In Rewriting the Future of American Maritime Industry to Compete with China, a report written for the Washington, D.C.-based Hudson Institute, Michael G. Roberts, a senior fellow at the Hudson Institute’s Center for Defense addresses what he sees as “the deficiencies in U.S. sealift capacity amid increased competition from other countries.”
According to Roberts, American commercial shipbuilders and U.S.-flag shipping companies are at a severe disadvantage in international markets, owning only 3 percent of the 55,000 ships in the global commercial fleet as of 2022. He recommended the U.S. reform policies governing America’s commercial maritime industries to protect supply chains and logistics systems and to deter military conflict.
China, wrote Roberts, “produces more than half of the large commercial ships delivered annually, controls scores of seaports in dozens of foreign countries and owns almost one-fifth of the global commercial fleet.”
The CIA World Factbook states that the privately-owned and commercially operated U.S.-flag cargo fleet numbers 393 vessels, or 27th in the world, behind Russia (11th with 1,143 merchant ships) and China (2nd, with 4,052). The figure includes privately-owned ships and the Military Sealift Command vessels operated by the federal government.

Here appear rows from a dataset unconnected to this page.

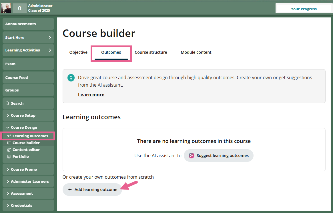 In OpenLearning, you can set up course objective, learning outcomes as well as outcome tags.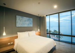 บอกเลยค่ะว่าสำหรับที่นี่ให้บริการห้องพักที่มีความหรูหราและเต็มไปด้วยความโล่งโปร่งสบายโดยเฉพาะอย่างยิ่งในห้องพักแบบต่างๆซึ่งออกแบบได้อย่างโมเดิร์นมีความทันสมัยในส่วนของเฟอร์นิเจอร์ต่างๆมากมายไม่ว่าจะเป็นเตียงนอนโต๊ะตู้เก้าอี้ต่างๆนอกจากนี้ยังปูพื้นด้วยไม้ปาเก้อย่างดีมีวิวทะเลให้ดูจากห้องพักได้เลยทีเดียว นอกจากนี้แล้วยังมีห้องฟิตเนสให้บริการและมีจักรยานให้ ใช้บริการฟรีอีกด้วย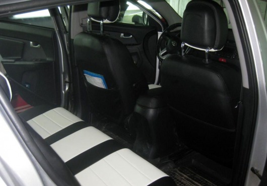 Вопросы и отзывы про Чехлы автомобильные для Kia Sportage III от 10 г.в. (черно-белые, экокожа)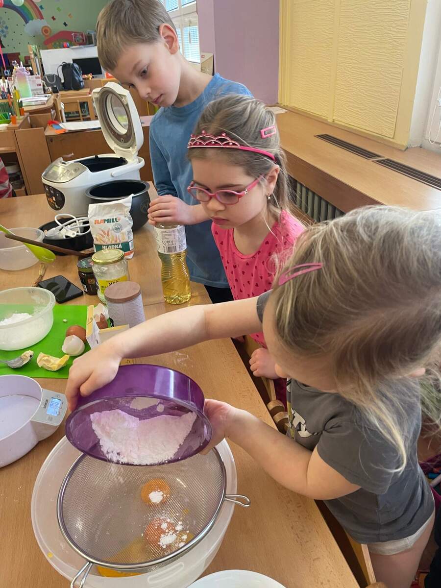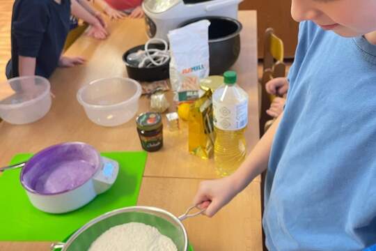 V době masopustní veselice děti měly chuť na koblížky, paní učitelky přání dětem rády splnily, a společně jako jeden kuchařský tým postupovaly krok za krokem ve výrobě koblížků. Daly ochutnat všem a použily vlastní šípkovou marmeládu ještě z podzimní sklizně a výroby.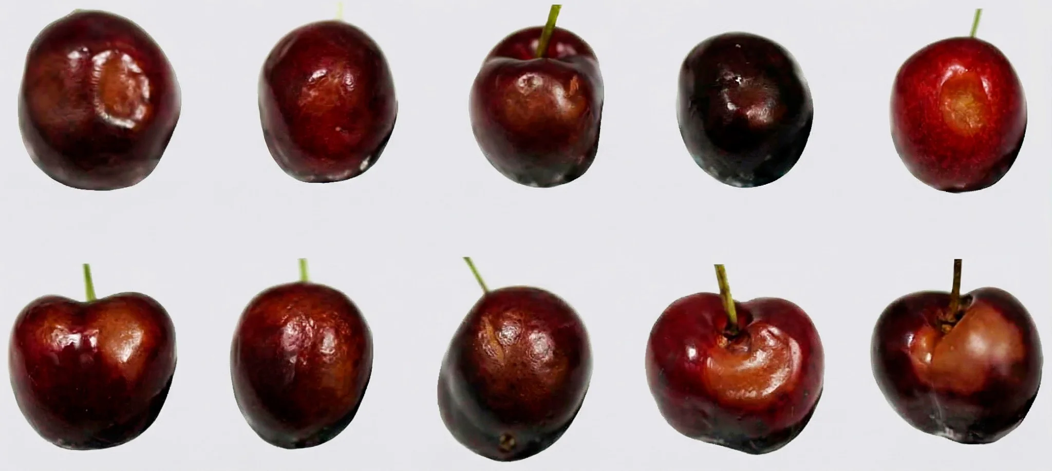 Figura 1. Sintomi esterni rappresentativi della macchia acquosa nella ciliegia dolce ‘Burlat’.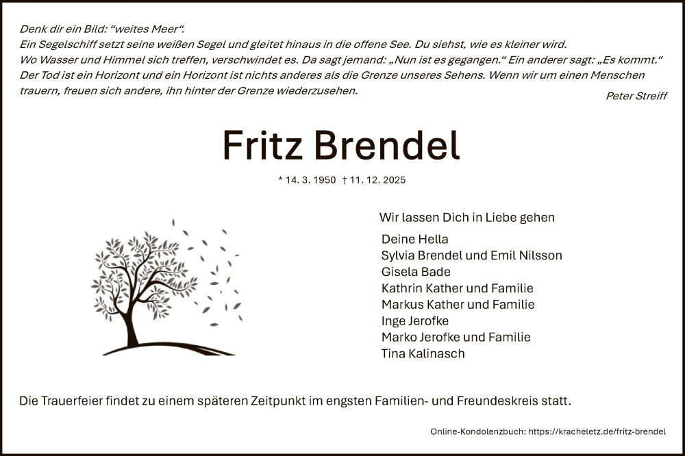Hier finden Sie alle Traueranzeigen aus der Zeitung, die bisher für Fritz Brendel erschienen sind. Weitere Traueranzeigen, die in der Zeitung erscheinen, werden hier ebenfalls aufgelistet

Because the American maritime industry is impacted by the labor shortage currently challenging many other industries, Roberts has proposed legislation to create “a new, limited, second U.S.-flag fleet registry that would be under U.S. control and crewed by allied nations,” which would “at minimal cost to taxpayers…and contribute to U.S. national and economic security in other ways, such as improving supply chain security and deterring gray-zone tactics.”
If such legislation is approved by Congress, Roberts stated that “by the end of the decade the U.S.-flag fleet would close the sealift gap and support U.S. economic and gray-zone security.”
American labor unions have pushed back strongly against the idea of foreign crews on U.S.-flag ships, calling the proposal “a threat to the U.S. maritime workforce.”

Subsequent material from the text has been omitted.